--- Collected data Enclosed Below ---
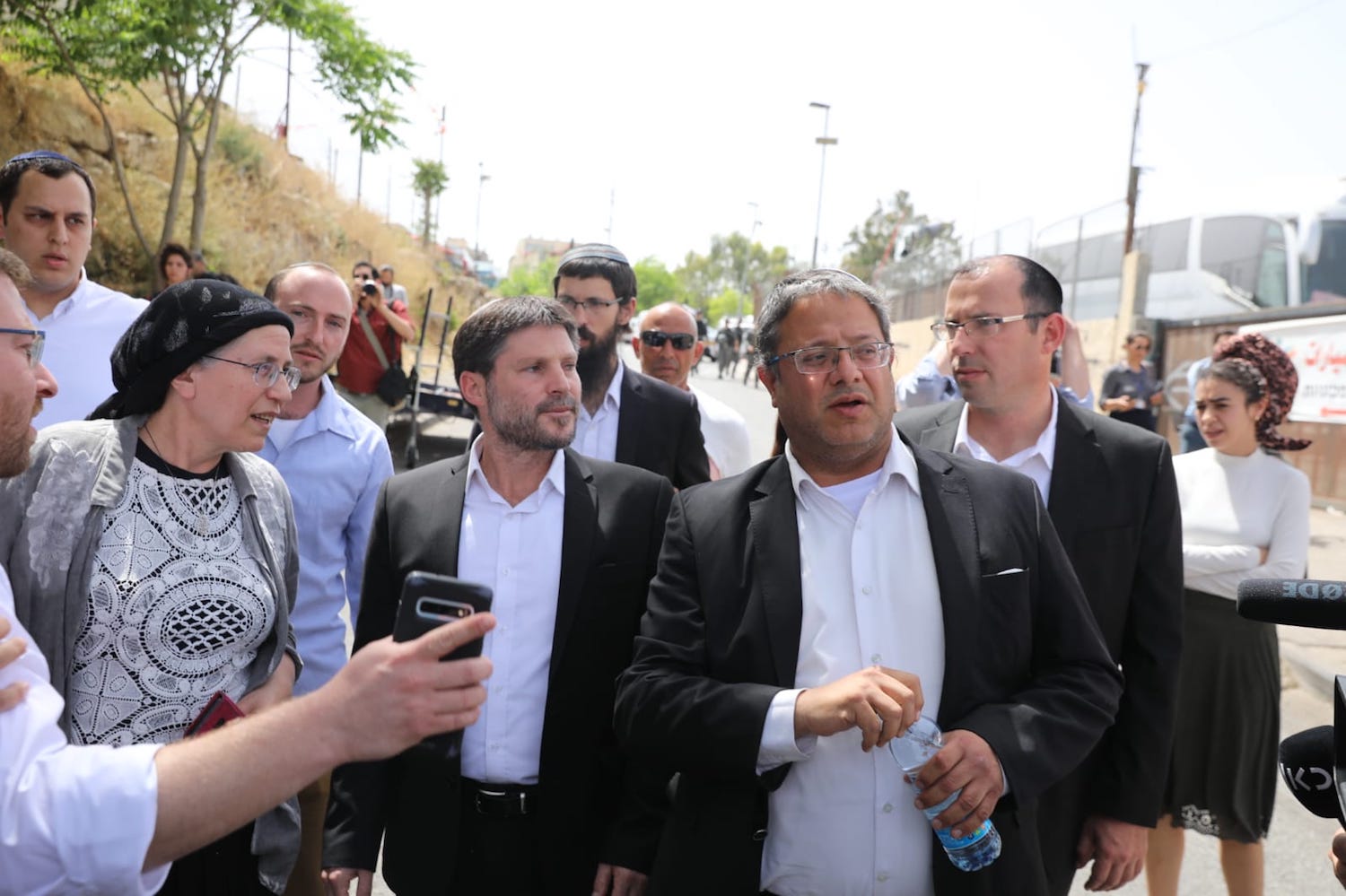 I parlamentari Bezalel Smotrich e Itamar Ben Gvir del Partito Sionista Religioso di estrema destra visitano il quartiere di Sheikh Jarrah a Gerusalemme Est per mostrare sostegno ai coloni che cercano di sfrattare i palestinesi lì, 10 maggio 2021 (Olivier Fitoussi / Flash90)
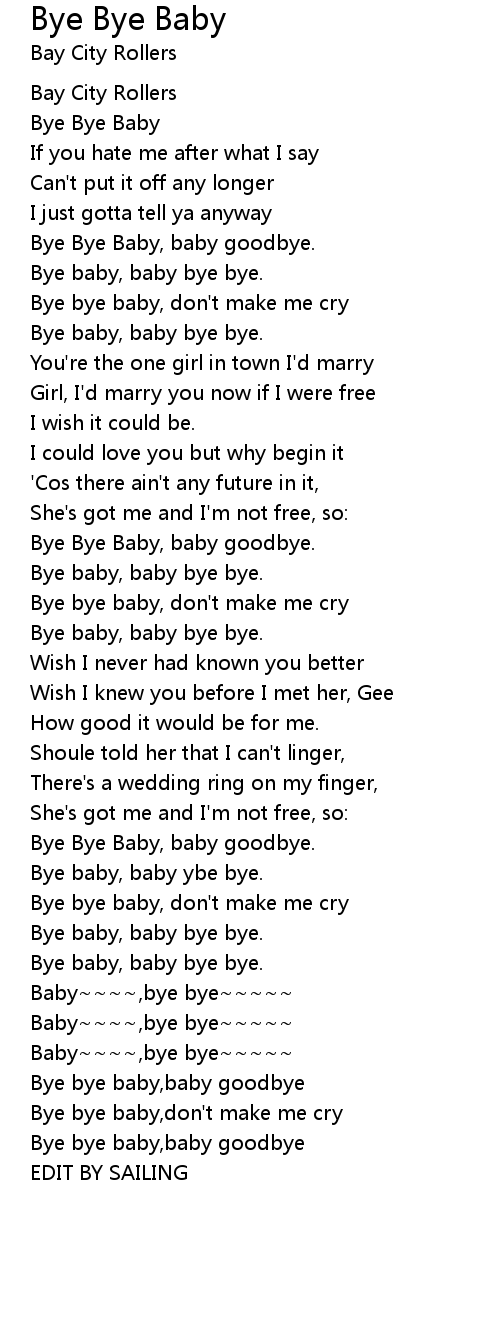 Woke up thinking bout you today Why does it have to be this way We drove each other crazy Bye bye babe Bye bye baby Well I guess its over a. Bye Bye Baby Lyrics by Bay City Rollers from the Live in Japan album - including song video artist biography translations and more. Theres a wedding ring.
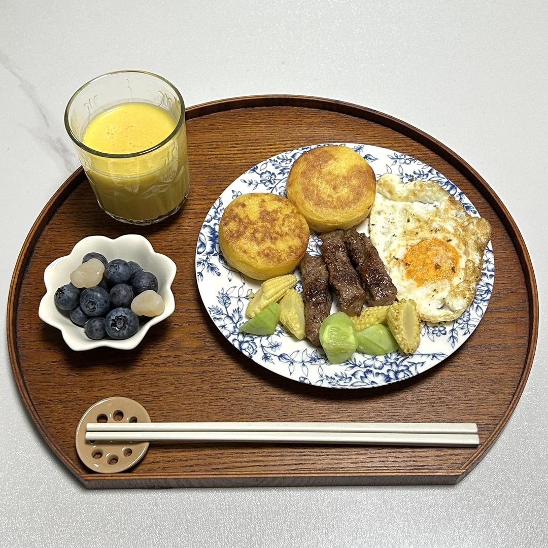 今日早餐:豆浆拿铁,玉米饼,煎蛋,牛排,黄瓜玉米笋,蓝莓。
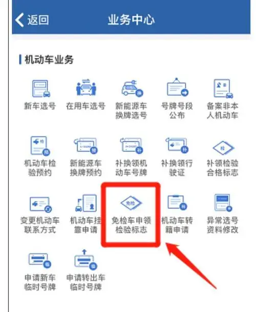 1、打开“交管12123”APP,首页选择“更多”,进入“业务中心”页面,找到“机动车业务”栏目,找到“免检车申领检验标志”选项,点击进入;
--- End of Enclosed Collected data ---
Activity: Print the lines from the line with "Woke up thinking" to the end of the data above. Include both ends, exclude the pictures, and add nothing else.

Answer to the problem:
 Woke up thinking bout you today Why does it have to be this way We drove each other crazy Bye bye babe Bye bye baby Well I guess its over a. Bye Bye Baby Lyrics by Bay City Rollers from the Live in Japan album - including song video artist biography translations and more. Theres a wedding ring.
 今日早餐:豆浆拿铁,玉米饼,煎蛋,牛排,黄瓜玉米笋,蓝莓。
 1、打开“交管12123”APP,首页选择“更多”,进入“业务中心”页面,找到“机动车业务”栏目,找到“免检车申领检验标志”选项,点击进入;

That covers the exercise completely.